Could you print the stretch of lines below from the one with "LIRNEasia researchers with" through the one with "Road Marking and", exactly as they stand and without any pictures?

Data START

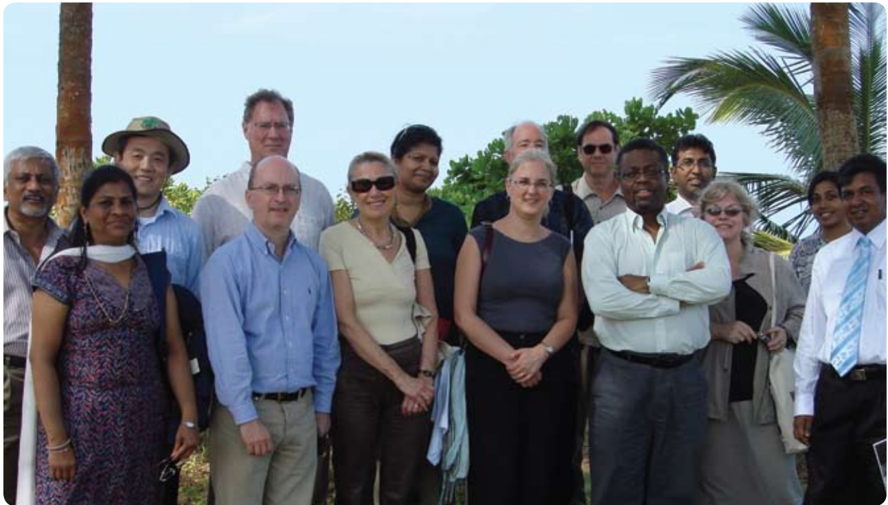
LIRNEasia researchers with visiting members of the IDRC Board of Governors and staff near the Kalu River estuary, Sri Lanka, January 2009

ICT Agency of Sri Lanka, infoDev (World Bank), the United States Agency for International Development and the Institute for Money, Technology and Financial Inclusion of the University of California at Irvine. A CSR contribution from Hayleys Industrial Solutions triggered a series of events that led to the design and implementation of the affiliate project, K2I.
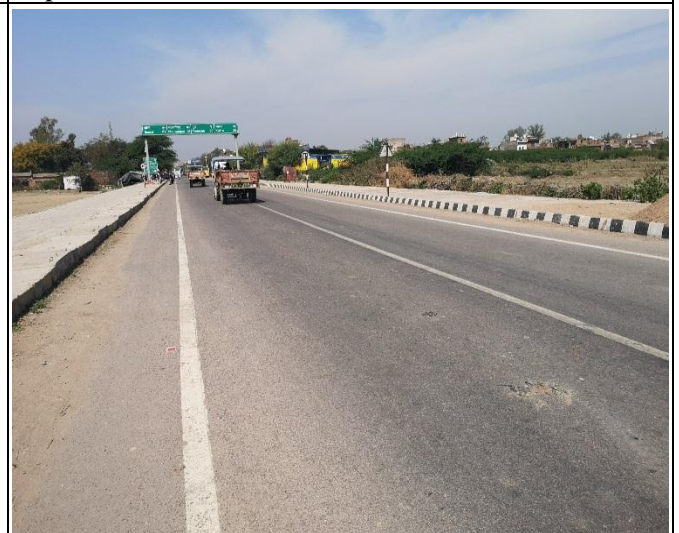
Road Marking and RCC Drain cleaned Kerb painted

Data END
Data START

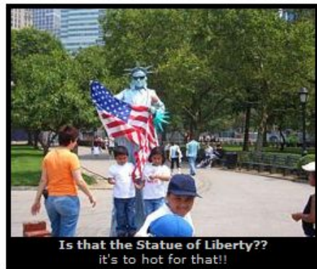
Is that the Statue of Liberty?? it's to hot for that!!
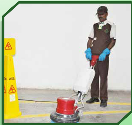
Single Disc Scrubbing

Data END

**Response below**
LIRNEasia researchers with visiting members of the IDRC Board of Governors and staff near the Kalu River estuary, Sri Lanka, January 2009

ICT Agency of Sri Lanka, infoDev (World Bank), the United States Agency for International Development and the Institute for Money, Technology and Financial Inclusion of the University of California at Irvine. A CSR contribution from Hayleys Industrial Solutions triggered a series of events that led to the design and implementation of the affiliate project, K2I.
Road Marking and RCC Drain cleaned Kerb painted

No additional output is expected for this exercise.